Susan Swan finds romance in romance
Perhaps the most important function of York humanities Professor Susan Swan‘s epigraph in her new novel, What Casanova Told Me, is simply to mention the word “romance,” wrote reviewer Valerie Compton in the Ottawa Citizen Sept. 19. After all, what concept could be more important to the story of a first-person encounter with the legendary lover, Jacob Casanova? What Casanova Told Me is one of those two-centuries-joined-by-a-lost-manuscript, twinned-narrative stories in the mold of A. S. Byatt’s Possession, which now virtually comprise a genre of their own, wrote Compton. The 21st-century protagonist of the novel is Luce Adams, a 28-year-old Toronto archivist charged with delivering to Venice’s Sansovinian Library a document box filled with ancient manuscripts, one of which is the diary of her own Puritan ancestor, Asked For Adams, written in 1797.

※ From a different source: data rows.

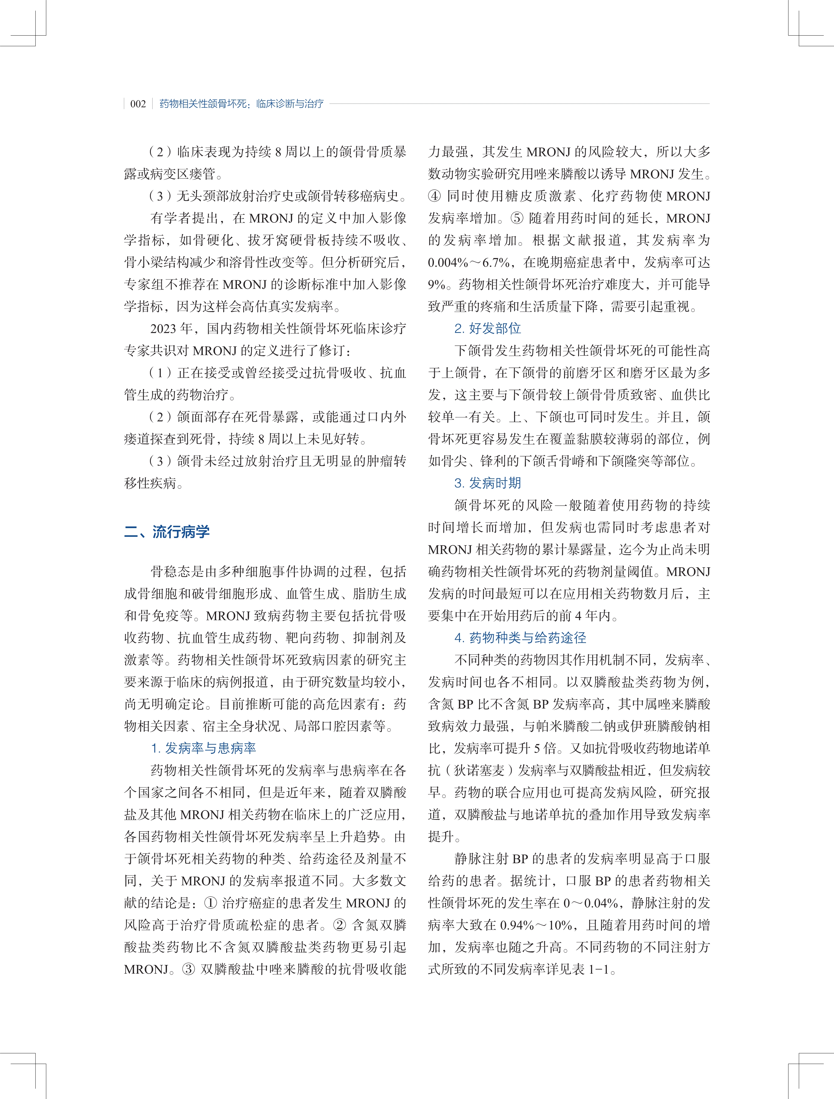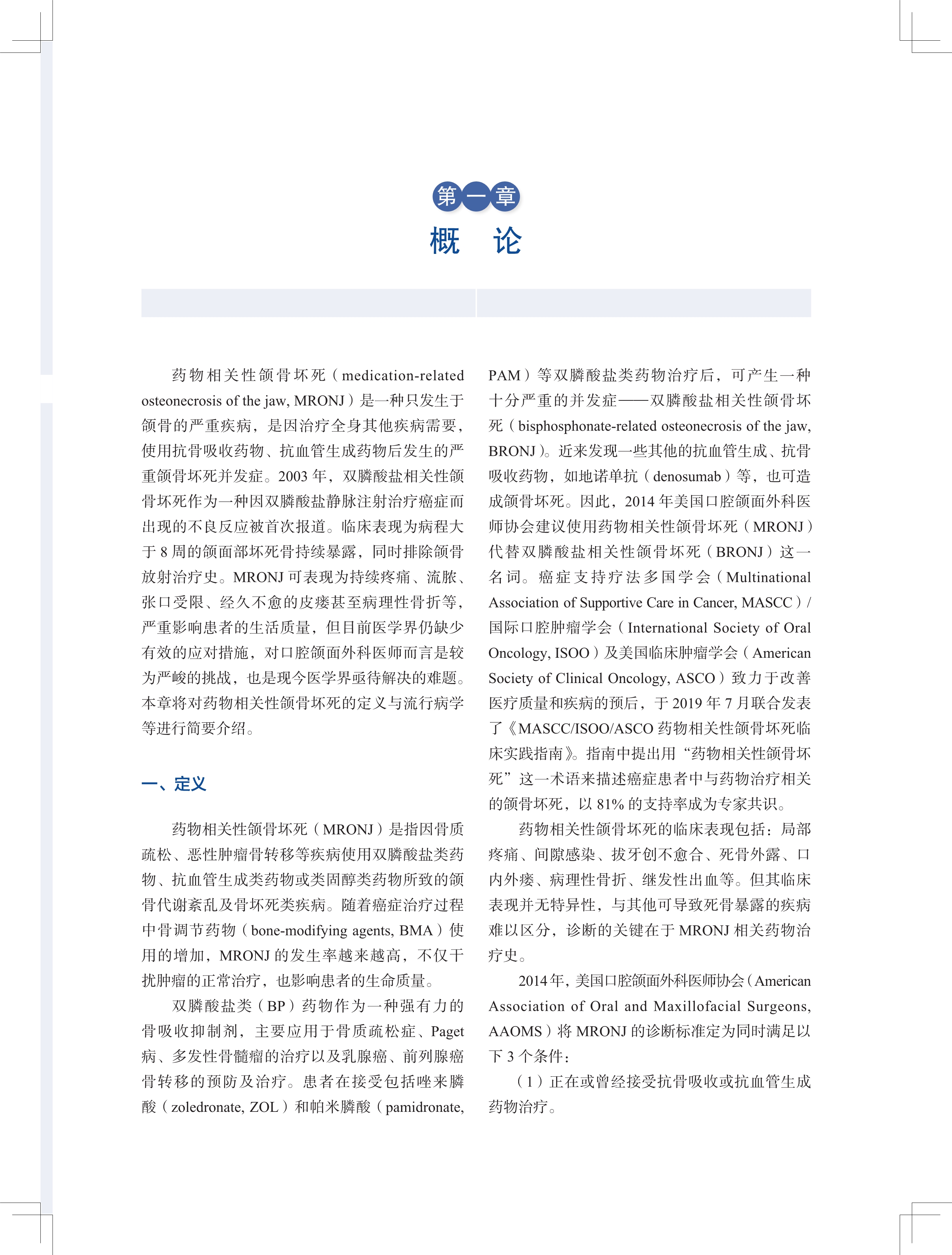 药物相关性颌骨坏死(medication-related osteonecrosis of the jaw, MRONJ)是指因骨质疏松症、恶性肿瘤骨转移等疾病使用双膦酸盐类药物、抗血管生成类药物或类固醇类药物所致的颌骨代谢紊乱及骨坏死类疾病,是口腔颌面外科、肿瘤科、影像科、内分泌科、风湿免疫科、骨科等共同面临的临床难题。
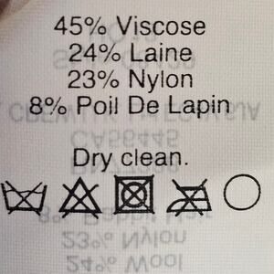 Material: 45% Viscose, 24% Wool, 23% Nylon, 8% Rabbit Hair
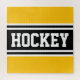 Ce design sportif amusant présente un texte HOCKEY audacieux à l'intérieur de bandes de course en noir et blanc contre un arrière - plan jaune vif. Les couleurs et le texte de ce design peuvent être personnalisés.
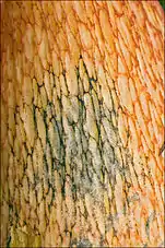 The carotenoid content of the fruit bodies differs substantially between the cap, the tubes, and the stem. The upper part of the cap, which contains 3.1 micrograms of carotenoid per gram (µg/g) fresh weight, has predominantly mutatochrome (47% of total carotenoids), 4-keto-α-carotene (40.2%), and δ-carotene (6.4%). The major carotenoids in the tubes (totaling 4.3 µg/g) include neurosporaxanthin (31.1%), auroxanthin (17.2%), 4-keto-α-carotene (17.1%), and rhodopin (15.8%). The stem (1.2 µg/g) contains primarily auroxanthin (32.5%), followed by 4-keto-α-carotene (19.9%), β-zeacarotene (18.5%), and rhodopin (11.4%).[88] The colour change observed with tissue injury is caused by variegatic and xerocomic acids, both of which turn blue when oxidized enzymatically upon exposure to air.[89]

My childhood as a communist
James Laxer can joke now about his childhood in the 1950s when he was the only kid on the block cheering for the North in the Korean War, wrote a reviewer in the Sept. 18 Ottawa Citizen of the York political science professor’s new memoir, Red Diaper Baby: A Boyhood in the Age of McCarthyism. But much of his childhood was no joke. It was, in fact, deadly serious. Laxer was the only child on Flora Street in Ottawa and later Melita Street in Toronto with a home library filled with the works of Marx and Lenin. Only he, while a youngster, mourned the death of Soviet tyrant Joseph Stalin, watched the RCMP try to run over his mother while protesting on Parliament Hill and feared that his family might be executed as Commie spies, just like Julius and Ethel Rosenberg in 1953 in the United States. Laxer, 62, is perhaps best known to many Canadians as the left-wing firebrand who led the Waffle movement, a branch of the New Democratic Party, from 1969-74. He is also the man who almost beat David Lewis in 1971 for the federal NDP leadership.

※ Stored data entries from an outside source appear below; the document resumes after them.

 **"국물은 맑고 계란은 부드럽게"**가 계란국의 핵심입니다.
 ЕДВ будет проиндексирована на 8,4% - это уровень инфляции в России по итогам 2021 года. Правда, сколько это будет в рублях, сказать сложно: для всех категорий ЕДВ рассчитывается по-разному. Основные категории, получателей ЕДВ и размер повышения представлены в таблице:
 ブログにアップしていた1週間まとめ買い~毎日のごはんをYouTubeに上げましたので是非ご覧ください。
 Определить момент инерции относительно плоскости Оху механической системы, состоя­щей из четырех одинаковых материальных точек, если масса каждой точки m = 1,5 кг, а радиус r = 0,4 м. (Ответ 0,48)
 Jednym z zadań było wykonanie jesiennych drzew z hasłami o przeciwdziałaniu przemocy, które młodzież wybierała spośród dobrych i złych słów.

Magalas gains experience with York men’s team
A number of women have competed in men’s sports over the past few years, including golfer Annika Sorenstam and hockey player Hayley Wickenheiser. Now, fourth-year York psychology major Samantha Magalas is giving it a shot, reported the Burlington Post Sept. 19. The 22-year-old Burlington resident, widely regarded as one of the top female baseball players in the country, is playing men’s intercollegiate ball this season with the York Lions. Magalas, who represented Canada at this year’s women’s World Series along with Aldershot graduate Kate Psota, sees playing with York as an opportunity to gain experience for the national team. York coach Colin Cummins was impressed by the first baseman’s talent and work ethic at the Lions’ training camp, awarding her a position on the team and naming her an opening day starter.
A Hamilton Spectator profile Sept. 18 began: “Sam is one of the guys,” stressed York University men’s baseball coach Colin Cummins. “There’s no female/male thing here. If someone has a problem with that, they might just as well go home.”
Running back ties CIS record
Andre Durie is a tough man to stop. The second-year running back from Mississauga, Ont., tied a Canadian Interuniversity Sport record on Sept. 18 by scoring six touchdowns to lead York University to a 55-33 win over the University of Waterloo, reported wire stories printed Sept. 20 in Brantford’s The Expositor and the Edmonton Journal.
On air
- Wendy Wong, professor at York University, participated in a symposium on the future of democracy in Hong Kong, televised on the Cantonese edition of OMNI.2 News in Toronto Sept. 17.